_Goal of the exercise_
Here, the job is to give back every entry below unchanged, omitting pictures.

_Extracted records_
+ + + + + + +

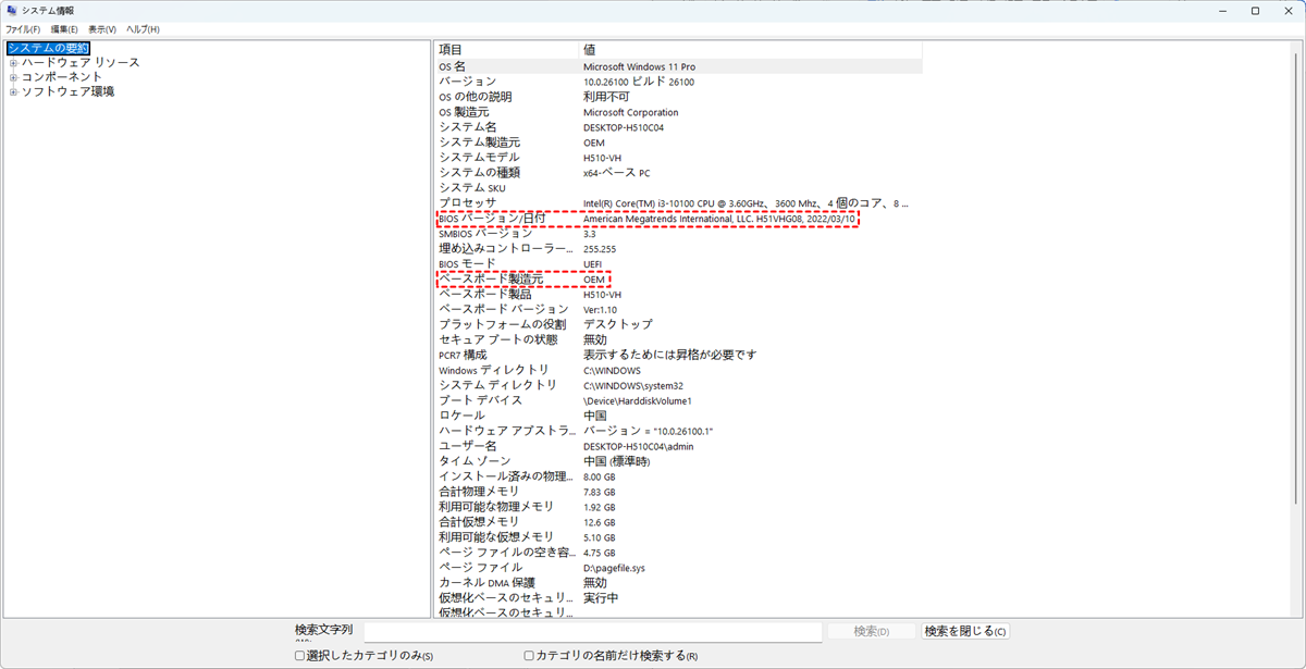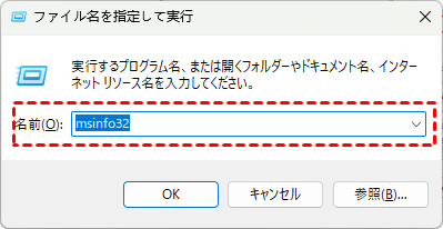 ステップ 1:「Win+R」キーを押し、「msinfo32」と入力して実行します。表示された「システムモデル」と「BIOSのバージョン/日付」を確認します。
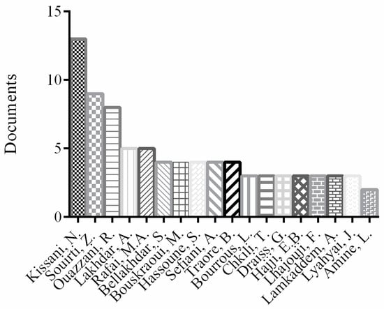 Based on the available data extracted from the Scopus database, the most contributing author was Kissani, N from University Hospital Mohamed VI, Marrakech, Morocco, with the highest article number of 11 articles and a total of 1646 citations. These findings demonstrate the paramount impact of the research conducted by Kissani, N on the scientific community, which marks their position as a leader in the field in Morocco. One of his most highly cited articles was “Telemedicine in epilepsy: How can we improve care, teaching, and awareness?” [21] with 59 citations, whereas his most recent publication was “Prevalence of epilepsy in Morocco: A population-based study” [22]. Souirti, Z and Ouazzani, R also significantly contributed to the enrichment of scientific databases on epilepsy, with eight and seven articles, respectively. Furthermore, other authors have participated deeply in the understanding of its pathology with variable article numbers, such as Lakhdar, A; Rafai, M.A; Bellakhder, S; Bouskraoui, M; and so on (Figure 4). More information about the authors’ publications during the study period is presented in Figure 4.
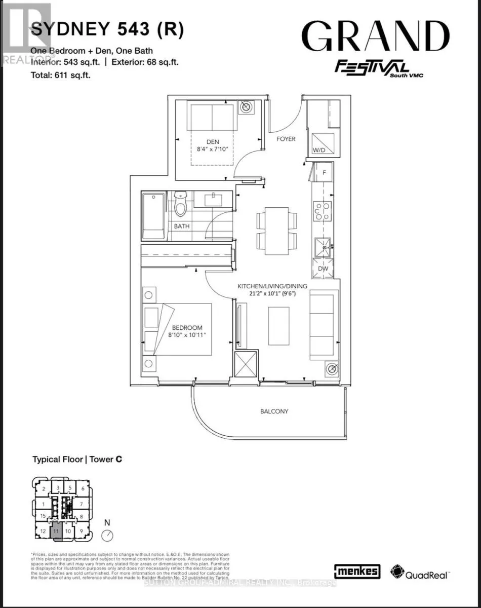 Brand new Luxury 1 Bed + Den, 1 Bath at Grand Festival Condo! Breathtaking Unobstructed South view. Bright Spacious Open-Concept, 9ft Ceiling With Floor-to-Ceiling Windows. Built-in Appliances with Quartz Countertop and Backsplash. Extra Large Bedroom Closet. Den With A Door Can Be Used As Second Bedroom. Prime Location In The Heart of VMC, Steps to Subway, Transit, Hwy400/407, Hospital, Shopping,
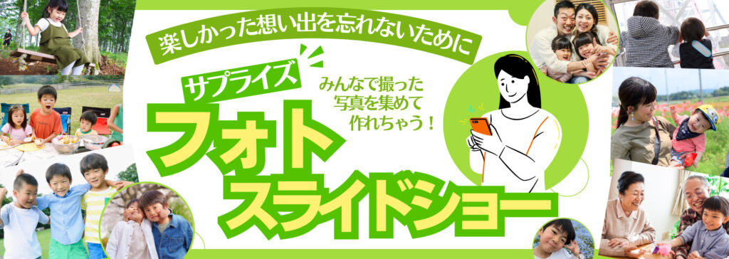 誕生日や七五三のお祝いに・旅行やクラブ活動の記念に…想い出の写真を集めてドキドキ&感動を一緒に振り返ってフォトスライドショー上映会をしませんか?
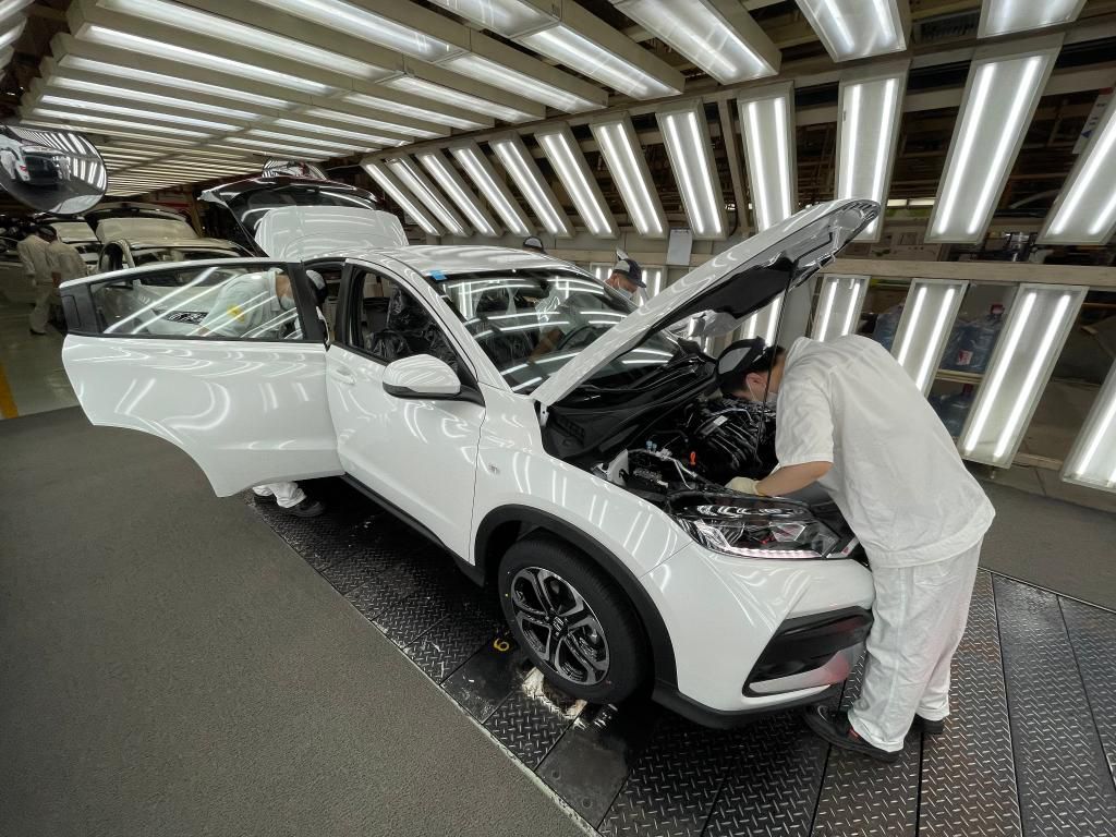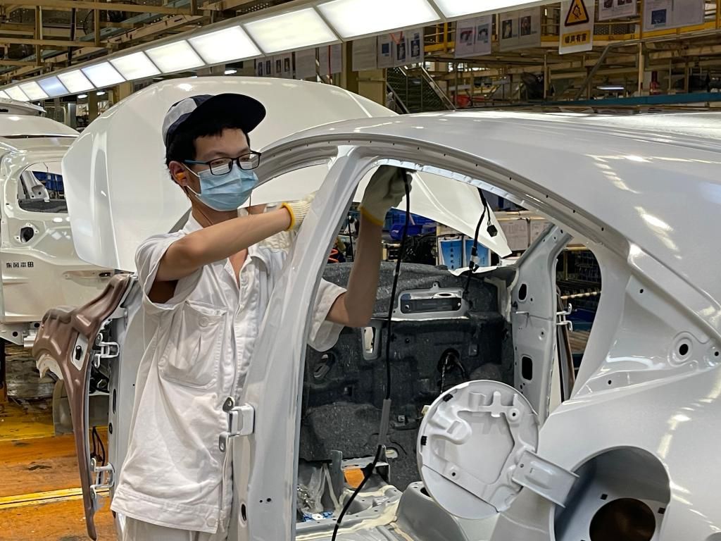 8月24日,東風(fēng)本田第一工廠內(nèi),技術(shù)工人正在安裝車(chē)輛。(新華社記者 王自宸 攝)
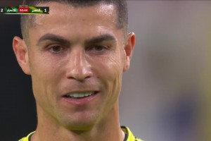胜利补时最后一分钟获得任意球,C罗主罚前念念有词但遗憾没打进
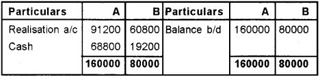 A and B were partners in a firm sharing profits and losses in the ratio of 3:2 respectively. They decided to dissolve the firm on 31st March, 2010. On that date, their capitals stood at Rs. 1,60,000 and Rs. 80.0 respectively. Amount owned by “B” to firm was Rs. 59,200 and there was a loan by “A” for Rs. 72,000. Creditors were Rs. 4,80,000, sundry, assets Rs. 6,89,600 and cash Rs. 43,200. Sundry assets realised Rs. 5,53,600. Realisation expenses amounted to Rs. 16,000. (March 2013)
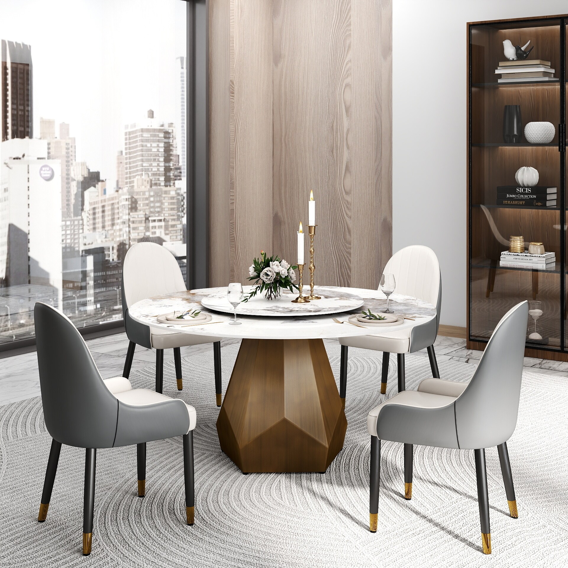 Round Artificial Marble Dining Table with Artificial Stone Turntable & Metal Base(Dining Table Only)
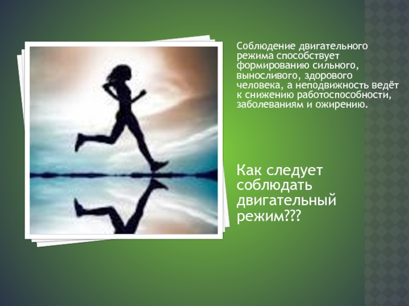 Слайд 3Соблюдение двигательного режима способствует формированию сильного, выносливого, здорового человека, а
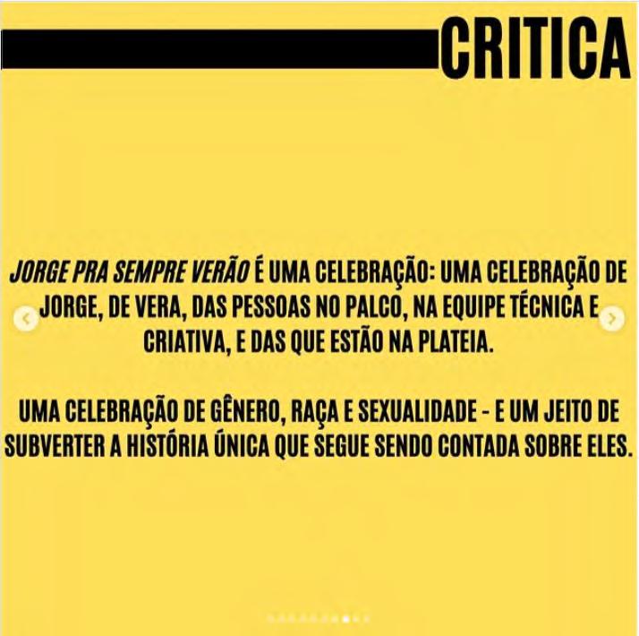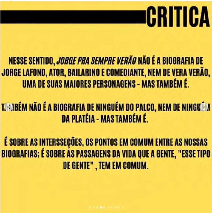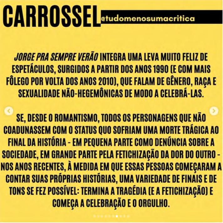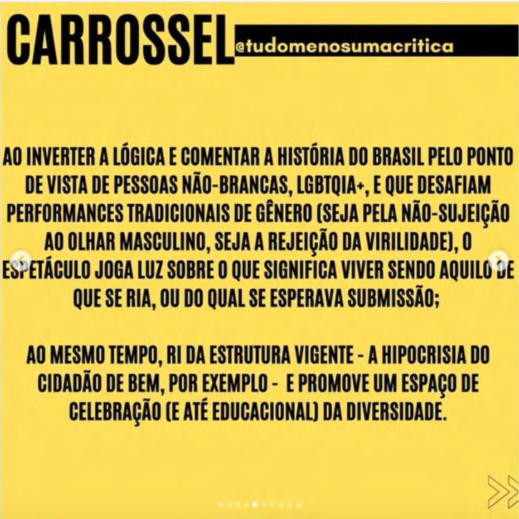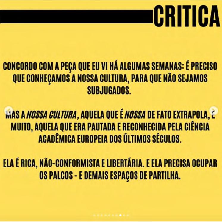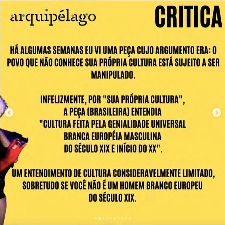 seguirão seus próprios critérios e desejos na escolha das obras que terão críticas publicadas dentro do Projeto Arquipélago. Os textos aqui presentes expressam uma rica diversidade de pontos de vista, formatos, estilos e modos de conceber o exercício crítico. Nesse sentido, a despeito das suas instabilidades estruturais, as críticas teatrais contemporâneas exibem fôlego renovado para pensar a cena, se implicar nos seus movimentos e experimentar possibilidades outras de testemunhar reflexivamente os nossos tempos.
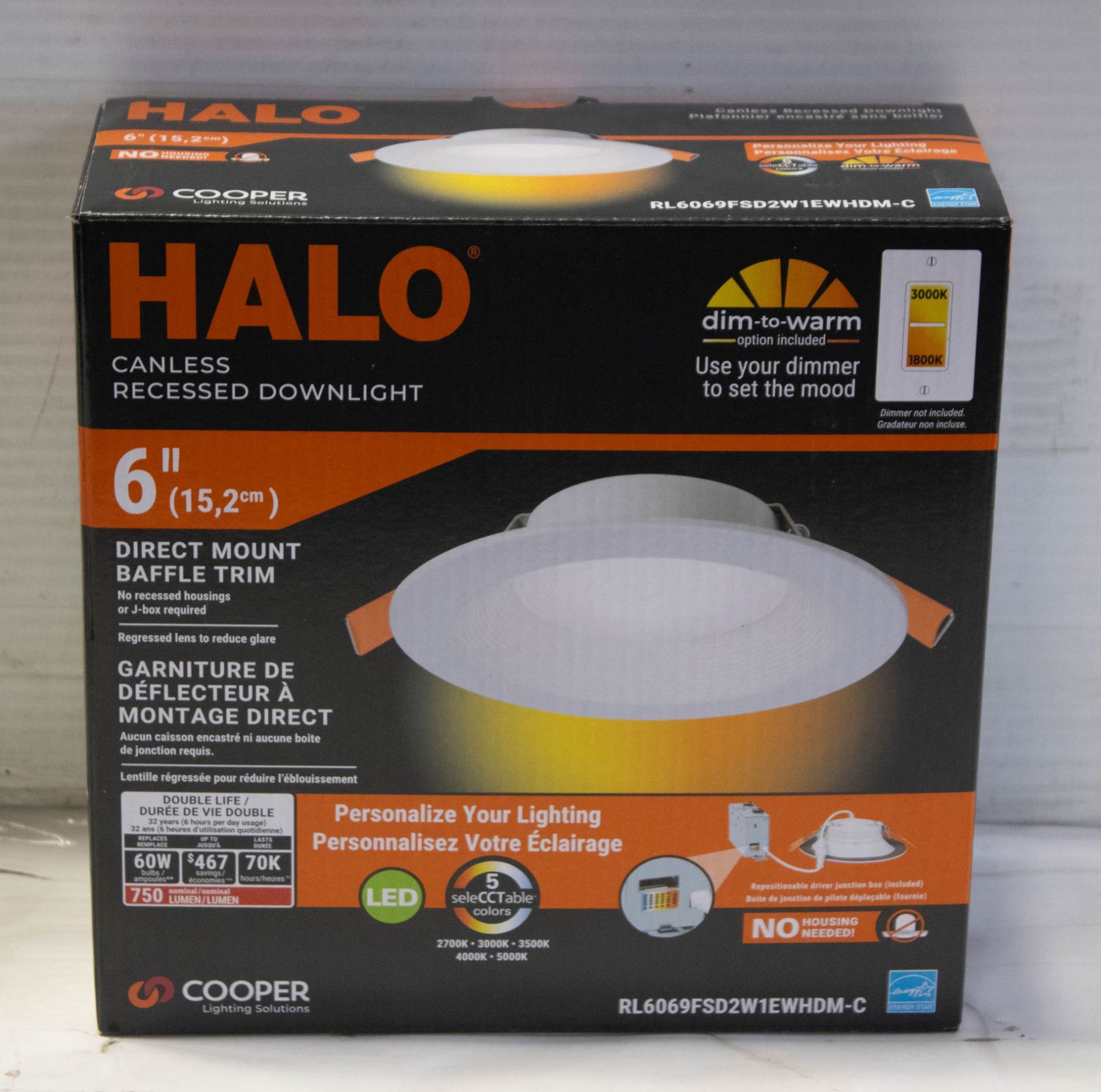 DIMMABLE FROM DIM TO WARM, 6" DIRECT MOUNT BAFFLE TRIM, 750 LUMENS, 7.5W, AMZ SES
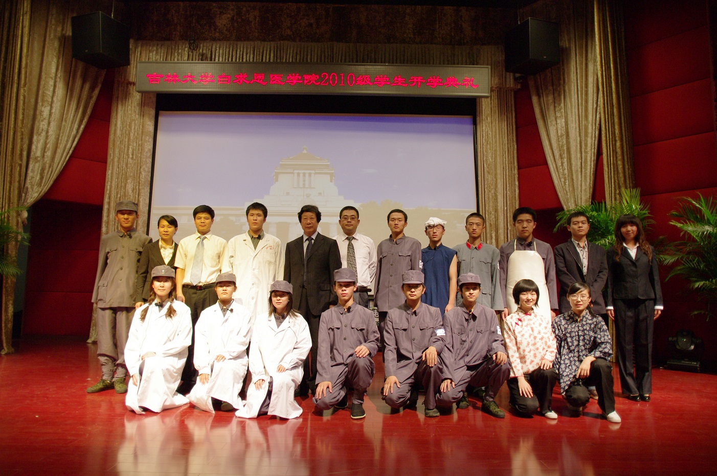 9月1日,白求恩医公司组织2010级全体同学观看话剧《白求恩》,原威廉体育williamhill常务副董事长、白求恩医公司经理李玉林,公司党委书记屈英和与同学们一同观看了话剧。
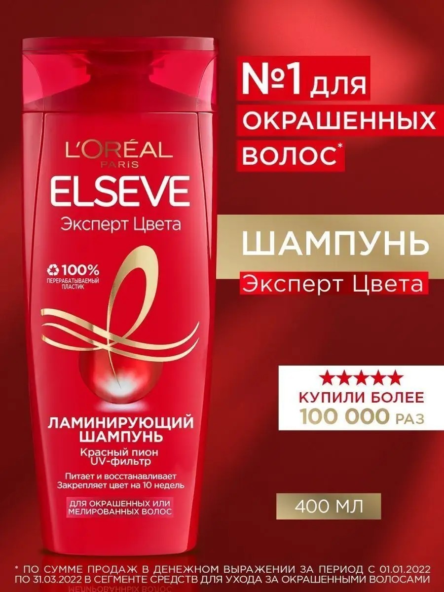 The effective shampoo "Elseve, Color Expert" is suitable for colored or highlighted hair. It contains a laminating elixir with red peony extract and a UV filter, providing significant results in three directions at once: 1- Maintains the brightness and saturation of color for a long time, preventing the washing out of coloring pigments and protecting hair color thanks to the UV filter; 2- Gives hair a luxurious shine; 3- Deeply nourishes hair and scalp, making hair smooth and silky to the very ends. Thanks to the professional lamination effect, your hair retains brightness and shine for up to 10 weeks! 1. Fixes and protects color for a long time 2. Gives dazzling shine 3. Nourishes and restores hair. Directions for use: Apply to damp hair, massage, then rinse. In case of contact with eyes, rinse immediately with water.

+ + + + + + +

_Output for this exercise_
 ステップ 1:「Win+R」キーを押し、「msinfo32」と入力して実行します。表示された「システムモデル」と「BIOSのバージョン/日付」を確認します。
 Based on the available data extracted from the Scopus database, the most contributing author was Kissani, N from University Hospital Mohamed VI, Marrakech, Morocco, with the highest article number of 11 articles and a total of 1646 citations. These findings demonstrate the paramount impact of the research conducted by Kissani, N on the scientific community, which marks their position as a leader in the field in Morocco. One of his most highly cited articles was “Telemedicine in epilepsy: How can we improve care, teaching, and awareness?” [21] with 59 citations, whereas his most recent publication was “Prevalence of epilepsy in Morocco: A population-based study” [22]. Souirti, Z and Ouazzani, R also significantly contributed to the enrichment of scientific databases on epilepsy, with eight and seven articles, respectively. Furthermore, other authors have participated deeply in the understanding of its pathology with variable article numbers, such as Lakhdar, A; Rafai, M.A; Bellakhder, S; Bouskraoui, M; and so on (Figure 4). More information about the authors’ publications during the study period is presented in Figure 4.
 Brand new Luxury 1 Bed + Den, 1 Bath at Grand Festival Condo! Breathtaking Unobstructed South view. Bright Spacious Open-Concept, 9ft Ceiling With Floor-to-Ceiling Windows. Built-in Appliances with Quartz Countertop and Backsplash. Extra Large Bedroom Closet. Den With A Door Can Be Used As Second Bedroom. Prime Location In The Heart of VMC, Steps to Subway, Transit, Hwy400/407, Hospital, Shopping,
 誕生日や七五三のお祝いに・旅行やクラブ活動の記念に…想い出の写真を集めてドキドキ&感動を一緒に振り返ってフォトスライドショー上映会をしませんか?
 8月24日,東風(fēng)本田第一工廠內(nèi),技術(shù)工人正在安裝車(chē)輛。(新華社記者 王自宸 攝)
胜利补时最后一分钟获得任意球,C罗主罚前念念有词但遗憾没打进
 A and B were partners in a firm sharing profits and losses in the ratio of 3:2 respectively. They decided to dissolve the firm on 31st March, 2010. On that date, their capitals stood at Rs. 1,60,000 and Rs. 80.0 respectively. Amount owned by “B” to firm was Rs. 59,200 and there was a loan by “A” for Rs. 72,000. Creditors were Rs. 4,80,000, sundry, assets Rs. 6,89,600 and cash Rs. 43,200. Sundry assets realised Rs. 5,53,600. Realisation expenses amounted to Rs. 16,000. (March 2013)
 Round Artificial Marble Dining Table with Artificial Stone Turntable & Metal Base(Dining Table Only)
 Слайд 3Соблюдение двигательного режима способствует формированию сильного, выносливого, здорового человека, а
 seguirão seus próprios critérios e desejos na escolha das obras que terão críticas publicadas dentro do Projeto Arquipélago. Os textos aqui presentes expressam uma rica diversidade de pontos de vista, formatos, estilos e modos de conceber o exercício crítico. Nesse sentido, a despeito das suas instabilidades estruturais, as críticas teatrais contemporâneas exibem fôlego renovado para pensar a cena, se implicar nos seus movimentos e experimentar possibilidades outras de testemunhar reflexivamente os nossos tempos.
 DIMMABLE FROM DIM TO WARM, 6" DIRECT MOUNT BAFFLE TRIM, 750 LUMENS, 7.5W, AMZ SES
 9月1日,白求恩医公司组织2010级全体同学观看话剧《白求恩》,原威廉体育williamhill常务副董事长、白求恩医公司经理李玉林,公司党委书记屈英和与同学们一同观看了话剧。
 The effective shampoo "Elseve, Color Expert" is suitable for colored or highlighted hair. It contains a laminating elixir with red peony extract and a UV filter, providing significant results in three directions at once: 1- Maintains the brightness and saturation of color for a long time, preventing the washing out of coloring pigments and protecting hair color thanks to the UV filter; 2- Gives hair a luxurious shine; 3- Deeply nourishes hair and scalp, making hair smooth and silky to the very ends. Thanks to the professional lamination effect, your hair retains brightness and shine for up to 10 weeks! 1. Fixes and protects color for a long time 2. Gives dazzling shine 3. Nourishes and restores hair. Directions for use: Apply to damp hair, massage, then rinse. In case of contact with eyes, rinse immediately with water.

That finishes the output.